=== Data excerpt ===
┄┄┄┄┄┄
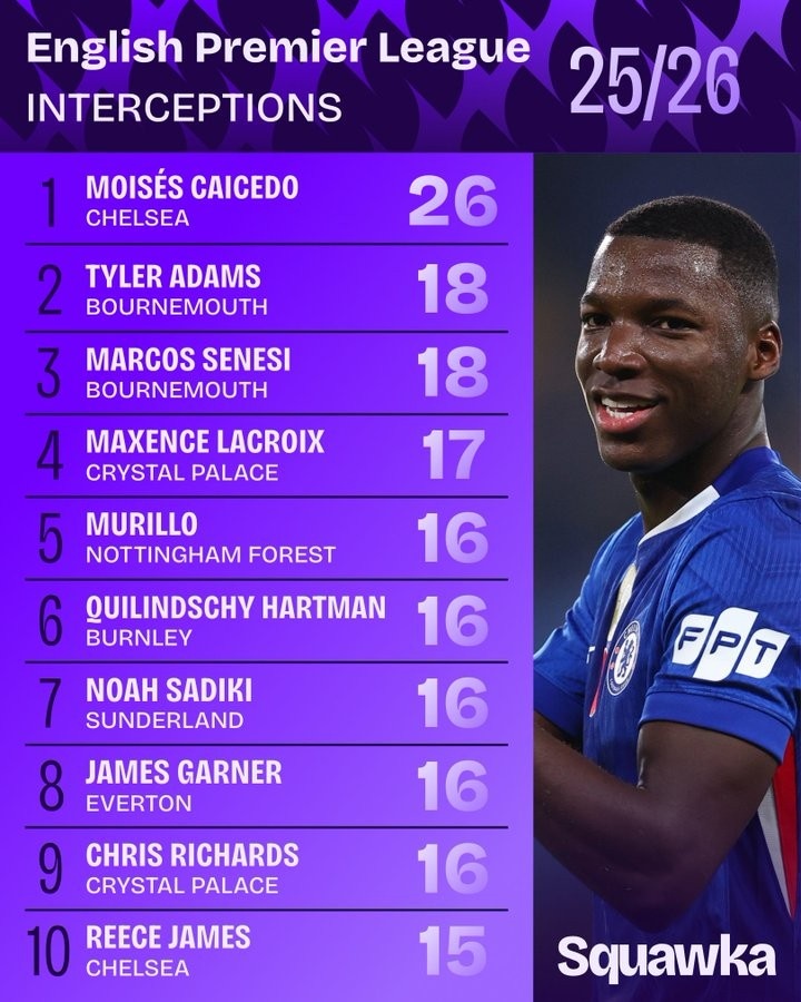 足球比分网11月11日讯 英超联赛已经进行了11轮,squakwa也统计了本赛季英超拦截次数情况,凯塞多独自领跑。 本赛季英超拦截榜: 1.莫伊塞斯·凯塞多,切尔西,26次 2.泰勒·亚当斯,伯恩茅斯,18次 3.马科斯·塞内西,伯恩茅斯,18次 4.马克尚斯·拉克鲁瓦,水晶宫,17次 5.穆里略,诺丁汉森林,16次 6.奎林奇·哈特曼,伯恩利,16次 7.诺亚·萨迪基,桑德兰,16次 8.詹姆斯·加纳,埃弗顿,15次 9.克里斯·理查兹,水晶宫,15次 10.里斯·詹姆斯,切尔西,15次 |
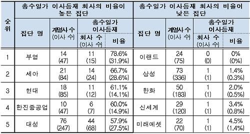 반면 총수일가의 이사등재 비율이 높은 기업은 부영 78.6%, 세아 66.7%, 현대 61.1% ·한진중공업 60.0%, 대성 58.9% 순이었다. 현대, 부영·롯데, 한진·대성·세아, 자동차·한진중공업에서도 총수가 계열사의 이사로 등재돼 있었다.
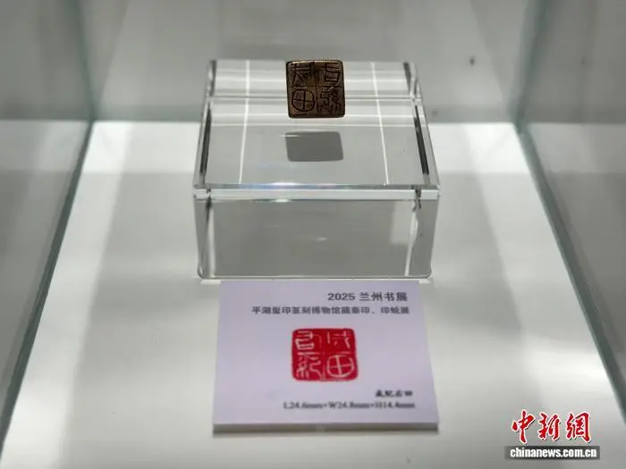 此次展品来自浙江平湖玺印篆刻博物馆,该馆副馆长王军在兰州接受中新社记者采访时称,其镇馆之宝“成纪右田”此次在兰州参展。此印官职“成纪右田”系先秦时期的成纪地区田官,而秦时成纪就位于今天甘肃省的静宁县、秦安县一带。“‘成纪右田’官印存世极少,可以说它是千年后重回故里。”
┄┄┄┄┄┄
=== What needs to be done ===
Pictures do not belong in the copy. Repeat exactly each line from the one with "반면 총수일가의 이사등재" through the end of the listing.

=== Exercise output ===
 반면 총수일가의 이사등재 비율이 높은 기업은 부영 78.6%, 세아 66.7%, 현대 61.1% ·한진중공업 60.0%, 대성 58.9% 순이었다. 현대, 부영·롯데, 한진·대성·세아, 자동차·한진중공업에서도 총수가 계열사의 이사로 등재돼 있었다.
 此次展品来自浙江平湖玺印篆刻博物馆,该馆副馆长王军在兰州接受中新社记者采访时称,其镇馆之宝“成纪右田”此次在兰州参展。此印官职“成纪右田”系先秦时期的成纪地区田官,而秦时成纪就位于今天甘肃省的静宁县、秦安县一带。“‘成纪右田’官印存世极少,可以说它是千年后重回故里。”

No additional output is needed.